__The problem__. Go through the entries below and print, exactly, the lines starting at the one with "Lavender flower macro" and ending at the one with "Перше, що бачать", keeping both ends and no others.

Segment Start: Excerpted data

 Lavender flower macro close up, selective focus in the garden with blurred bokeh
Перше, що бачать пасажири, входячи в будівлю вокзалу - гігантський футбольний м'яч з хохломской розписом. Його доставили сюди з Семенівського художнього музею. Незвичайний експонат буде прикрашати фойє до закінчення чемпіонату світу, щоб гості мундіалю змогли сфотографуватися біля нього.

Segment End: Excerpted data
Segment Start: Excerpted data

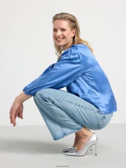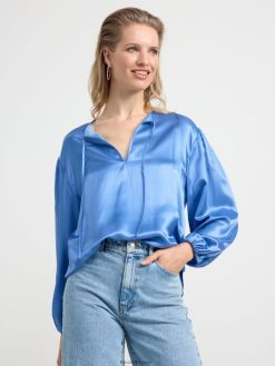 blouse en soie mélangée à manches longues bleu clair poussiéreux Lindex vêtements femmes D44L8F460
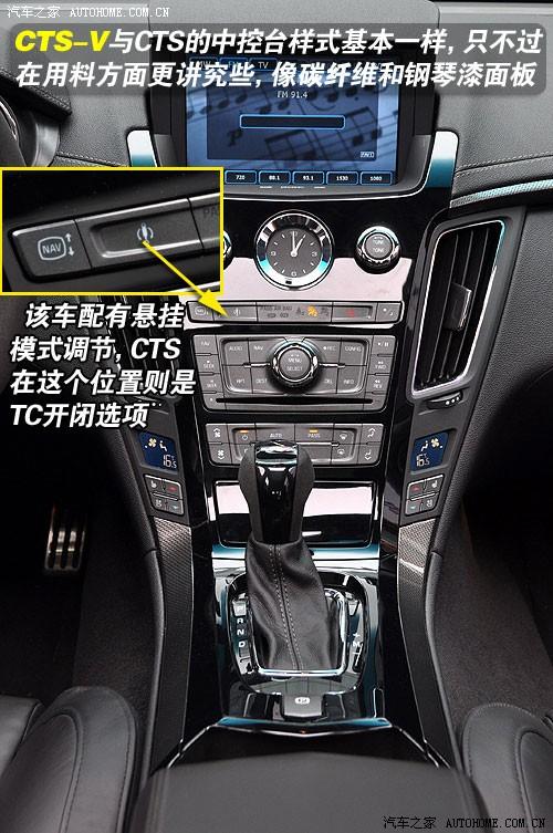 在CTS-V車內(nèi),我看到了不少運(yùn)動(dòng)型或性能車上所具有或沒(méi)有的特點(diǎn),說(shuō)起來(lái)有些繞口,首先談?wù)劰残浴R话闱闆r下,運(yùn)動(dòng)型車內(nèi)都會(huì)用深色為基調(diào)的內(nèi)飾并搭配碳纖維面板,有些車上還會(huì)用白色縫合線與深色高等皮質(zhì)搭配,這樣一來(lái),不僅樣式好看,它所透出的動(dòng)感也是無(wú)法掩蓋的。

Segment End: Excerpted data

__Completed exercise__.
 Lavender flower macro close up, selective focus in the garden with blurred bokeh
Перше, що бачать пасажири, входячи в будівлю вокзалу - гігантський футбольний м'яч з хохломской розписом. Його доставили сюди з Семенівського художнього музею. Незвичайний експонат буде прикрашати фойє до закінчення чемпіонату світу, щоб гості мундіалю змогли сфотографуватися біля нього.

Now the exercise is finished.